Abnormal spontaneous electrical activity observed on needle electromyography (EMG) in resting muscle, indicating denervation (loss of nerve supply) and/or muscle fiber instability. These potentials are not under voluntary control.

• Fibrillation Potentials: Spontaneous depolarization of single muscle fibers, appearing as small, sharp biphasic or triphasic waveforms on EMG. Typically seen 2-3 weeks post-denervation (e.g., after nerve injury or radiculopathy) as muscle fibers become hypersensitive to acetylcholine. Suggest active denervation.
• Positive Sharp Waves (PSWs): Similar to fibrillations but with a characteristic initial positive deflection followed by a slow negative wave, indicating muscle fiber irritability, often from denervated muscle. Also seen 2-3 weeks post-denervation and represent active denervation.
• Complex Repetitive Discharges (CRDs): Often seen in chronic denervation (e.g., longstanding radiculopathy) or some myopathies. They are multi-phasic, tall, serrated waveforms that fire repetitively at a constant rate, representing the spontaneous depolarization of a group of muscle fibers that have become electrically interconnected and act as a pacemaker. They reflect chronic underlying pathology rather than acute denervation.

Describe Motor Unit Action Potentials (MUAPs) on EMG.

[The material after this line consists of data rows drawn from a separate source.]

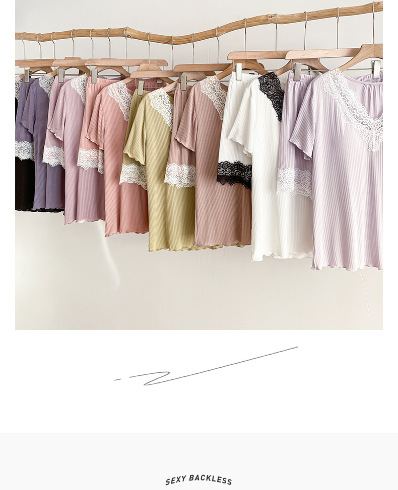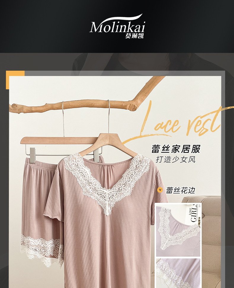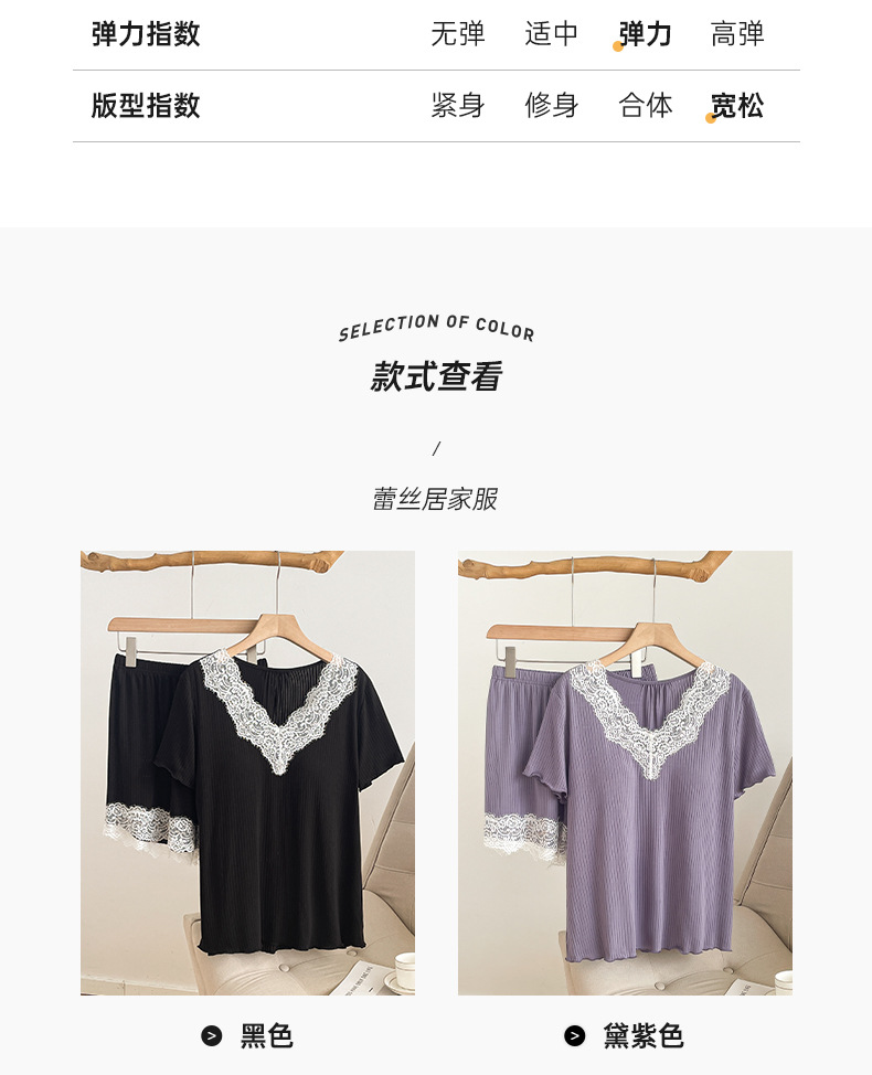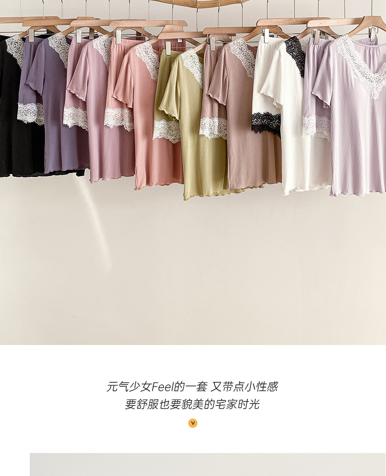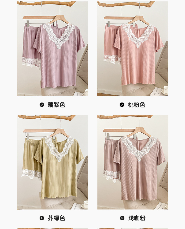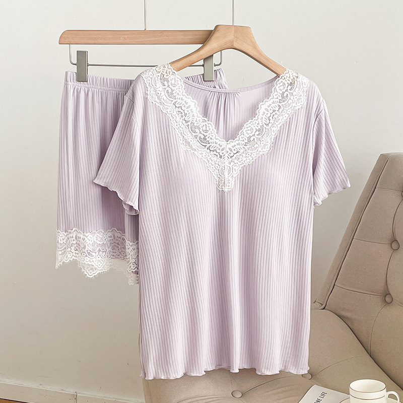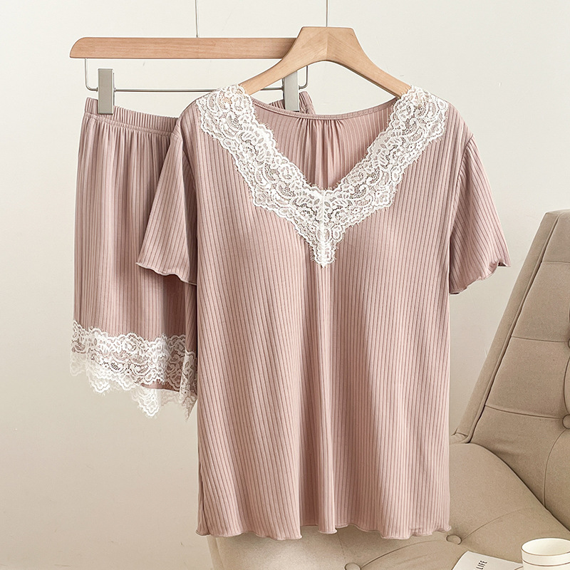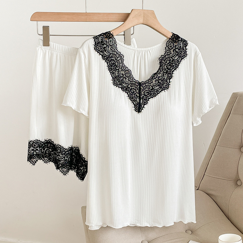 여름 잠옷 세트 여성 투피스 복장 레이스 홈 옷 반팔 반바지 홈 옷 캐주얼 한 가슴 패드스토어 가기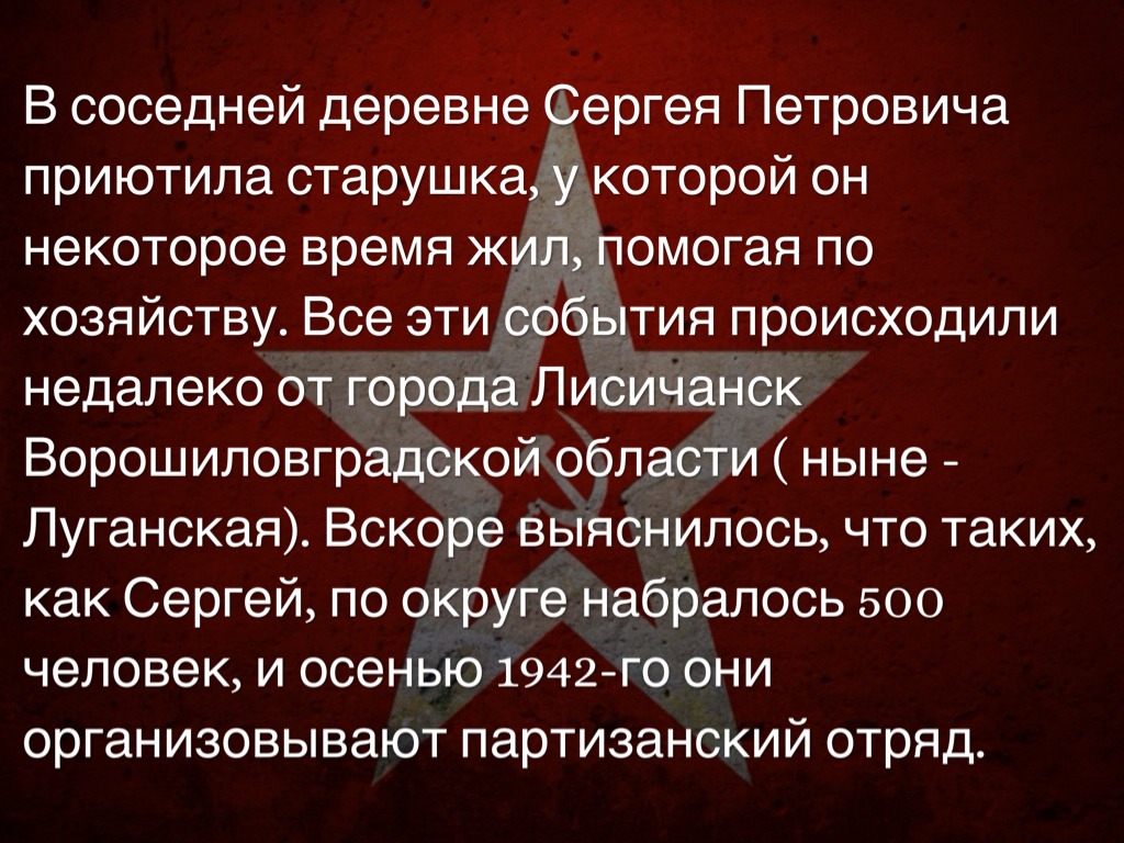 В соседней деревне Сергея Петровича приютила старушка, у которой он некоторое время жил, помогая по хозяйству. Все эти события происходили недалеко от города Лисичанск Ворошиловградской области ( ныне - Луганская). Вскоре выяснилось, что таких, как Сергей, по округе набралось 500 человек, и осенью 1942-го они организовывают партизанский отряд.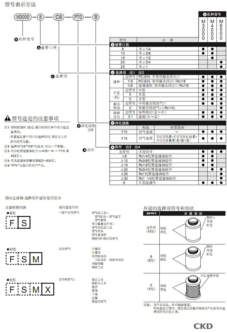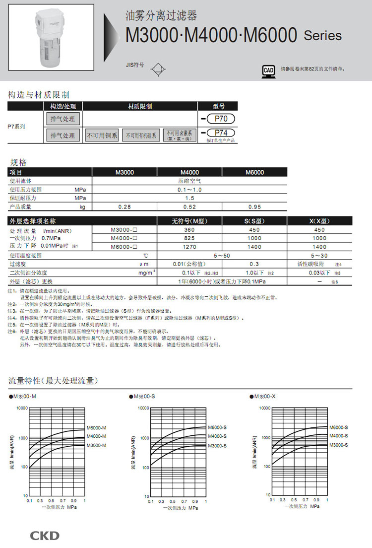 M3000-8,M3000-10,M4000-8,M4000-10,M4000-15,M6000-20,M6000-25,CKD油霧分離過濾器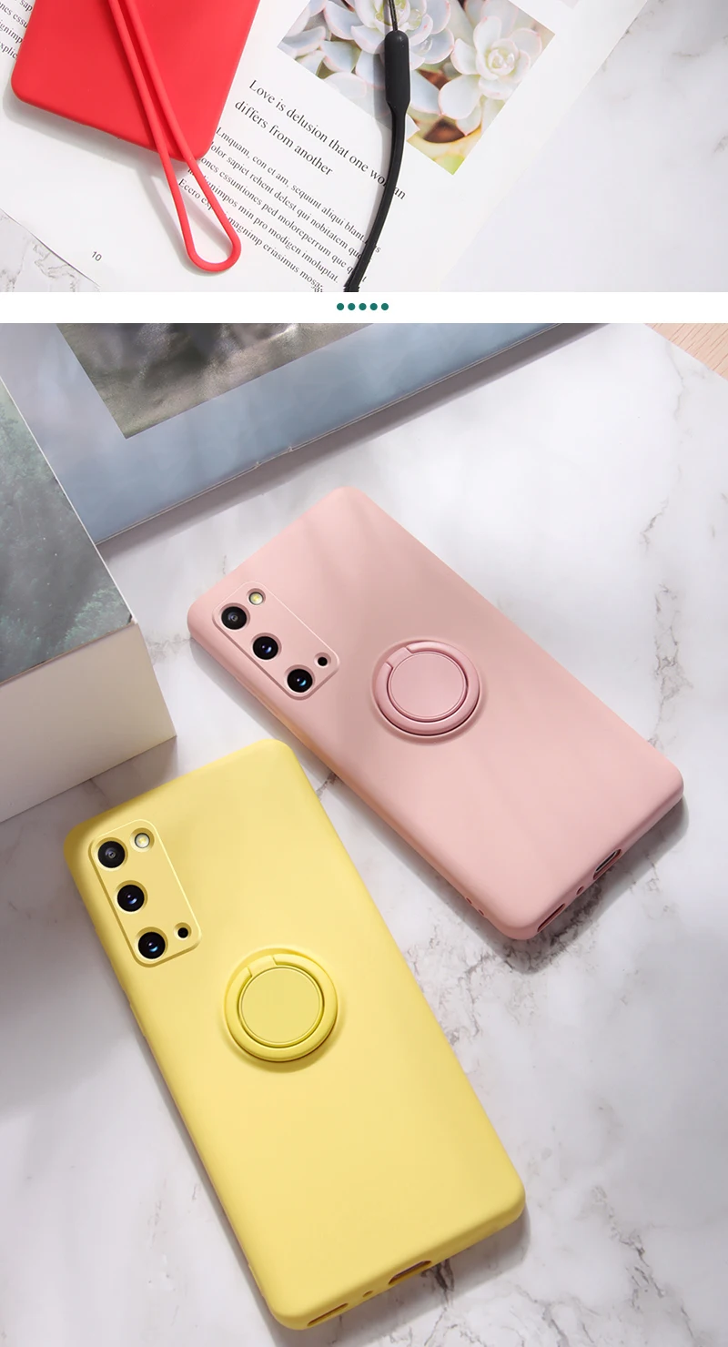 Жидкий силиконовый чехол для Samsung Galaxy S20 FE S10 Plus Note 20 Ultra 8 10 Pro A51 A71 A50 A70 с магнитной подставкой и кольцом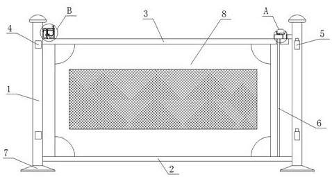 本实用新型属于儿童围栏技术领域,尤其是一种可收合益智儿童围栏,针对现有技术中的儿童围栏稳定性较差,容易发生倾斜,对儿童保护效果差,有可能给儿童造成伤害,另外拼接起来较为麻烦,收合不方便,费时费力的问题,现提出如下方案,其包括两个支撑杆,两个所述支撑杆的底端均固定连接有吸盘,两个支撑杆之间固定连接有同一个下横撑,位于左侧的支撑杆的前侧固定连接有两个连接套,位于右侧的支撑杆的前侧固定连接有两个连接销,下横撑的顶部固定连接有滑杆,滑杆上滑动连接有上横撑,本实用新型通过简单的结构实现了对四个儿童围栏的拼接和上横撑的拆卸操作,同时稳定性较高,拆装方便快捷,省时省力,实用性强。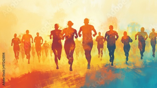 runner, race, community, sunset, trail, fitness, exercise, movement, people, athletic, warm colors, crowd, marathon, health, lifestyle, competition, determination, speed, silhouette, road, teamwork, energy, sport, activity, nature, vibrant, leisure, challenge, endurance, celebration, enthusiasm, vitality, athleticism, oneness, recreational, landscape, dusk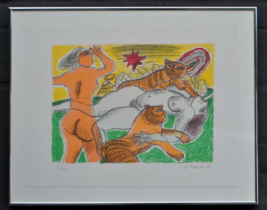 Corneille, C. van Beverloo (1922 - 2010) Belgien: Komposition. Farvelitografi. Signeret 9/125. 38 x 50 cm.  Indrammet: 47 x 60 cm.  NB: Der ydes ingen rabat på dette lot!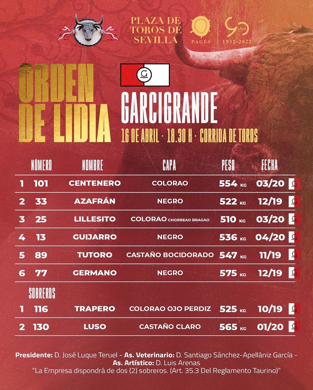 Ficha del festejo: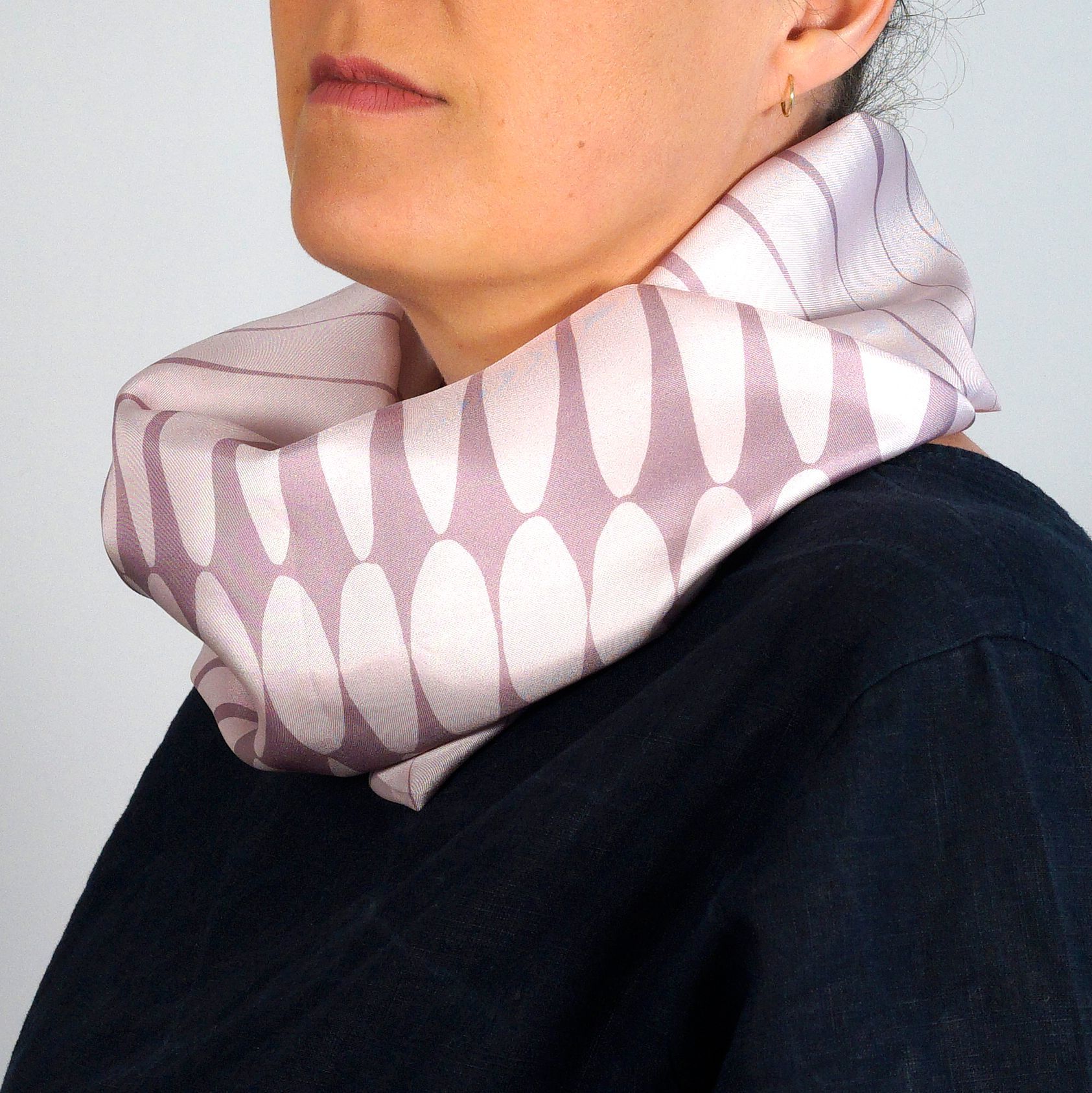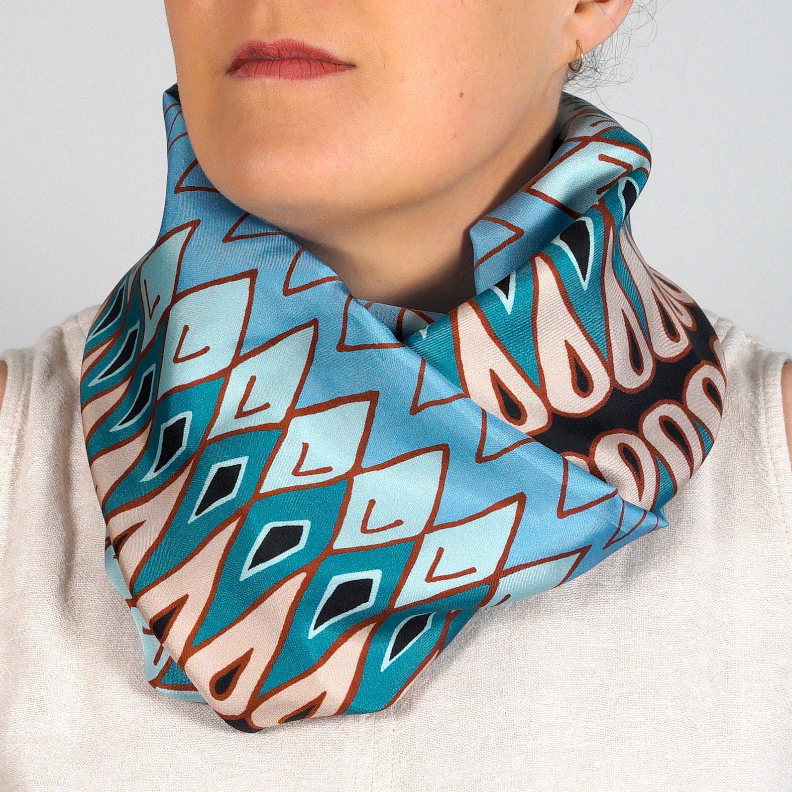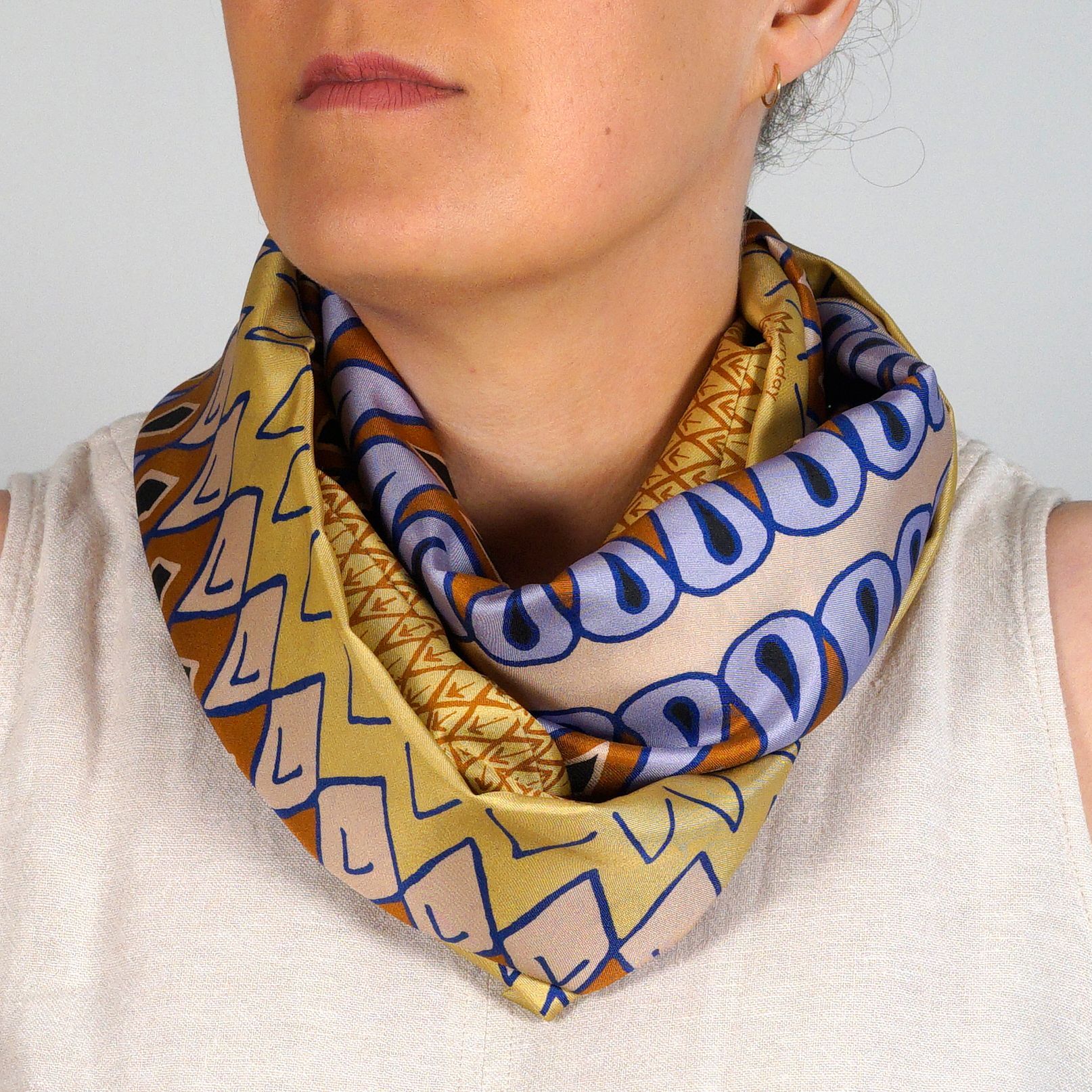 With the silk scarves, I create contemporary designs with divine colour combinations. While scarves are a practical item, I approach them like jewellery, aiming to create something that makes the wearer feel both beautiful and confident. I focus on flattering colours and look at how the patten interacts with the folds and drapes of the fabric.

The electrical potentials generated by muscle fibers belonging to a single motor unit when activated voluntarily during needle EMG. Analysis of MUAPs (size, duration, shape, phases, and firing rate) provides crucial information about the integrity of the motor unit, helping differentiate neurogenic (nerve-related) from myopathic (muscle-related) disorders:

• Neurogenic MUAPs: In acute denervation, early MUAPs may be normal. In chronic denervation with reinnervation, MUAPs can become large in amplitude and long in duration (indicating collateral sprouting and larger motor units).
• Myopathic MUAPs: Typically small in amplitude and short in duration, and often polyphasic (increased number of phases), reflecting loss of individual muscle fibers within the motor unit.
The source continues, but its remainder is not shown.